**EXERCISE PROMPT:** Please set down, with no changes, every line of the material below from the one containing "ではまずは写真を取り込みます" through the end. Skip the pictures.
BEGIN DATA EXCERPT
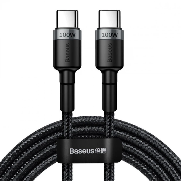 Кабель Baseus Cafule Type-C to Type-C 2м PD2.0 100Вт 5A 20В Black/Grey (CATKLF-ALG1)
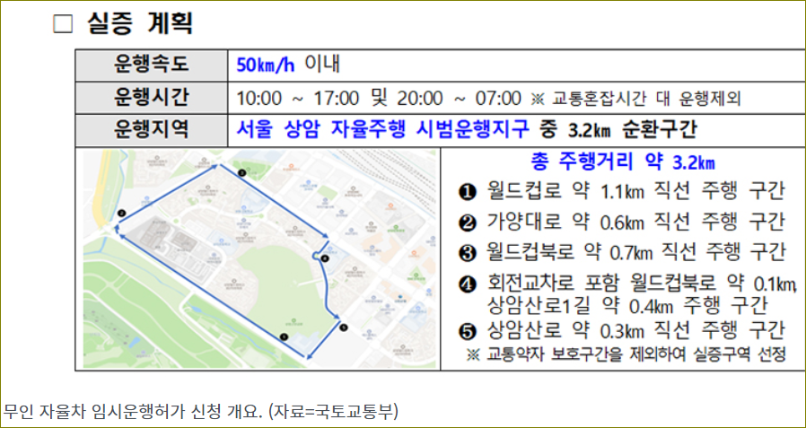목적 | 무인 자율주행 기술 활성화 및 안전성 검증을 위한 임시운행 허가. |
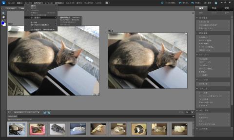 ではまずは写真を取り込みます。色々な場所から取り込めますが、今回はカメラとパソコンを接続して取り込みました。こんな感じで写真が並んでいます。ダブルクリックすると大きく表示されます。画面表示→写真を並べて比較を選択すると写真を並べて比較できます。
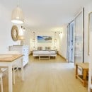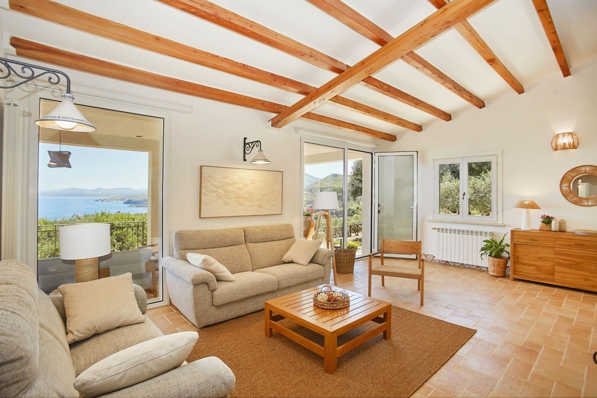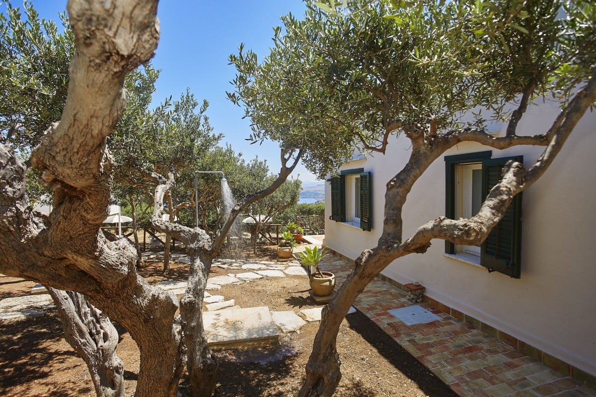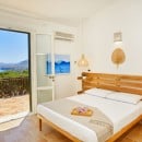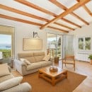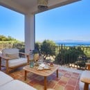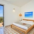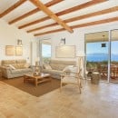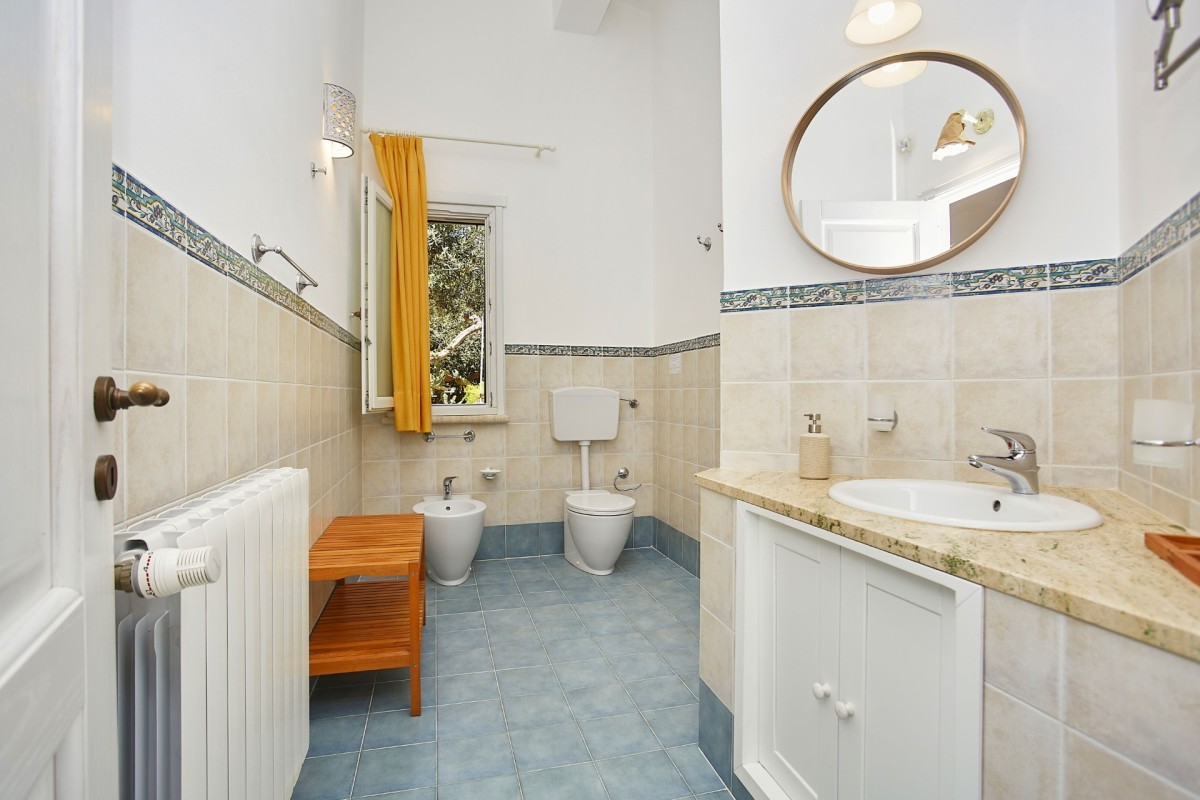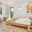 The bright and spacious living area seamlessly combines a dining space, a fully equipped kitchen with a refrigerated wine cellar, and a comfortable lounge. A wide corridor leads to the sleeping quarters, which include six light-filled queen bedrooms offering beautiful views of the sea and gardens. These rooms feature traditional handmade tile floors, some with satellite TV, and are served by four bathrooms with showers. A seventh queen bedroom with an en-suite bathroom is located in a separate annex, accessible from the outside, ensuring privacy and comfort.
END DATA EXCERPT
**TASK SOLUTION:**
 ではまずは写真を取り込みます。色々な場所から取り込めますが、今回はカメラとパソコンを接続して取り込みました。こんな感じで写真が並んでいます。ダブルクリックすると大きく表示されます。画面表示→写真を並べて比較を選択すると写真を並べて比較できます。
 The bright and spacious living area seamlessly combines a dining space, a fully equipped kitchen with a refrigerated wine cellar, and a comfortable lounge. A wide corridor leads to the sleeping quarters, which include six light-filled queen bedrooms offering beautiful views of the sea and gardens. These rooms feature traditional handmade tile floors, some with satellite TV, and are served by four bathrooms with showers. A seventh queen bedroom with an en-suite bathroom is located in a separate annex, accessible from the outside, ensuring privacy and comfort.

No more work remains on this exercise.